Why the Climate
Spoof Worked
November 13, 2007
Well,
that was fun.
A
British writer whipped up a plausible-looking scientific paper that
attributed global warming to a mass of oceanic algae spewing vast
quantities of carbon dioxide into the atmosphere.
The
dummy paper, published in a dummy scientific journal, caught the eye of
the intrepid band of "skeptics" who cannot bear the thought that human
activities are changing the climate. Bloggers went into overdrive. Web
sites sizzled. Talk radio jocks cranked up the volume. Here, at last,
was definitive proof that would debunk all those neurotic scientists
and enable mankind to continue gorging blissfully on non-renewable
fossil fuels.
After
a short time, a number of the prominent skeptics, to their credit,
realized that they had been had. Enviros chortled at the April
Fool-like spoof. And a good time was had by all.
There's
a lesson in this humorous episode that is worth pondering, however. It
can be blasted difficult sometimes to make clear to lay people the
reasons why alternative global warming explanations that are regularly
trotted out by skeptics don't work. The climate's workings, driven as
they are by various forcing mechanisms, feedback loops, and differing
time and space scales, make simplified explanations hard work. As Henry
David Thoreau was purported to have said, it takes a long time to make
a story short.
The
complexity begs questions, not only from skeptics, but from those on
the fence who are genuinely puzzled.
A
couple of examples. A common observation is that throughout earth
history, warming cycles have come and gone for perfectly natural
reasons, long before coal plants and gas guzzlers were invented.

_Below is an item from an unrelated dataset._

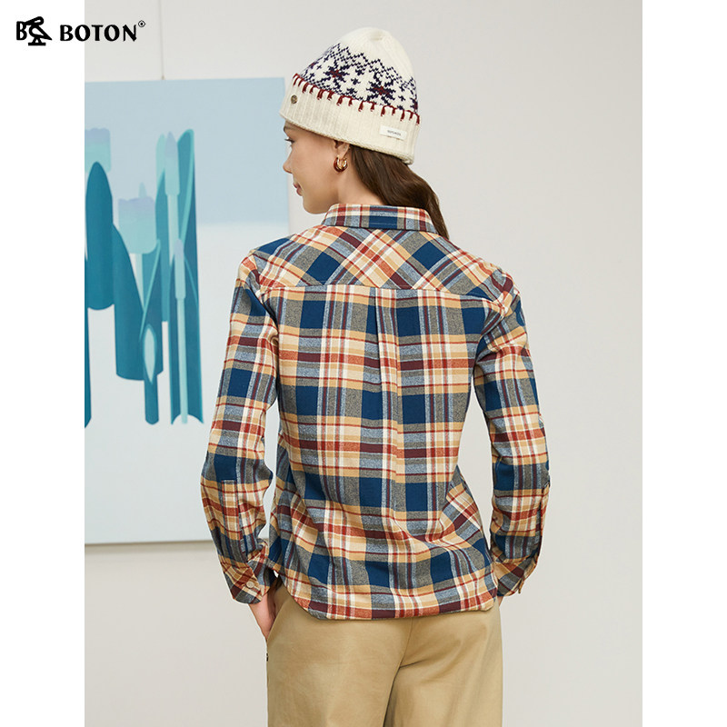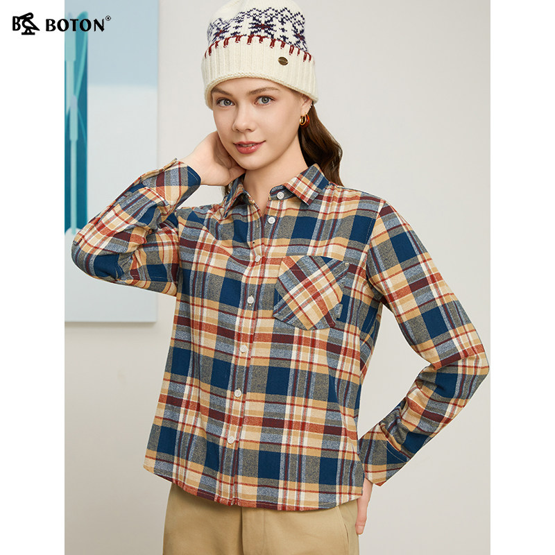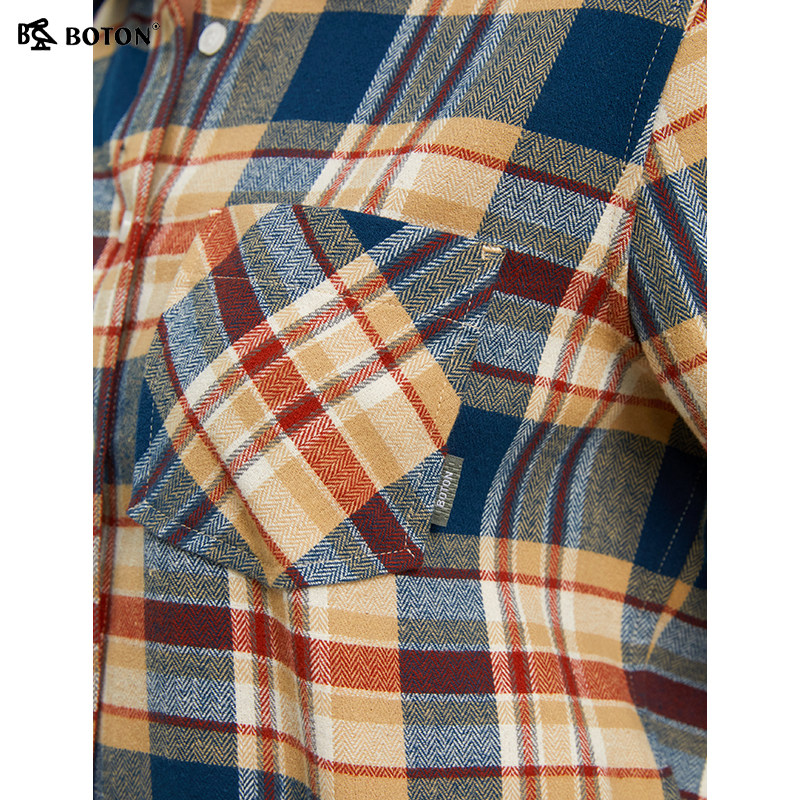 波顿秋冬新款翻领长袖磨毛格子全棉衬衫修身衬衣通勤休闲百搭舒适
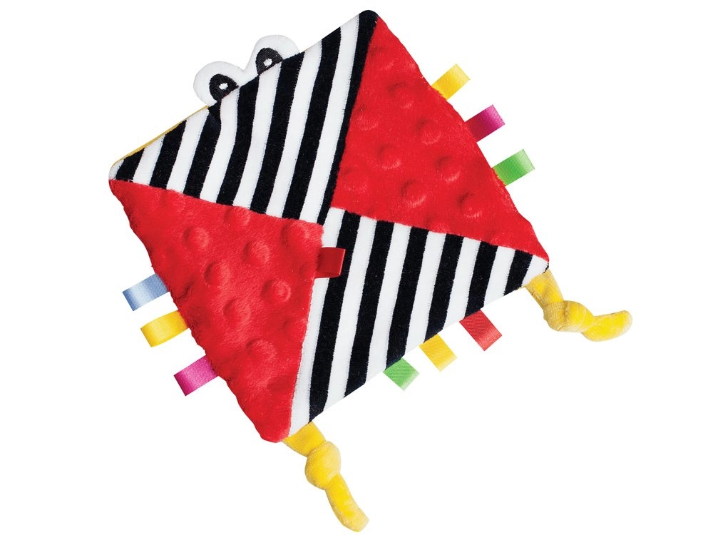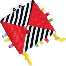 Kolorowe wstążki na brzegach oraz supełki w rogach zachęcają do chwytania i ugniatania. Idealny rozmiar 15 × 15 cm pasuje do małej rączki.

Why is
today different?
Another
common question is that if meteorologists can't forecast the weather
more than a few days out, how can fancy-pants climatologists make
predictions about what the climate will be like decades in the future?
The
seemingly reasonable premises of such questions illustrate the appeal
of a spoof paper with a seemingly reasonable theory that was actually
nonsense.
Of
course, there are answers to the questions about past warming episodes
and forecasting. It is a fallacy of logic to state that because natural
causes explain global warming in past epochs, natural causes, ipso
facto, explain today's warming. Circumstances have changed, and try as
they might, scientists have not found evidence that would tie the
current bout of warming to natural explanations, such as increased
solar output. The evidence, instead, points to greenhouse gases emitted
by fossil fuel combustion since the mid-19th century.
Likewise,
climate and weather are related phenomena, but have important
differences. An important distinction is that they operate at different
time scales. Weather takes place in the short term, when many chaotic
variables make it nigh impossible to make an accurate forecast beyond a
week. Climate operates in the long term, when variables tend to smooth
out and trends can be discerned. You can't predict precisely what the
high temperature will be in Phoenix on the next Fourth of July, but you
can safely say that it will be higher than the high in Minneapolis on
New Year's Day.
While
scientists have learned much about the impacts of human activities on
the climate, they will never yield answers precise or definitive enough
to satisfy the skeptics, even assuming the skeptics wish to be
satisfied. Science is an ongoing process. It's up to the rest of us --
government leaders, business executives, civil society, and ordinary
citizens -- to make a reasoned judgment as to when the volume and
quality of scientific information about climate change warrants action.
Think
of it this way: If nine out of 10 mechanics tell you that your car
needs a brake job, do you listen to the nine and get the work done, or
do you listen to the one outlier, strap your kid into the car, and head
for the mountains? What would you do?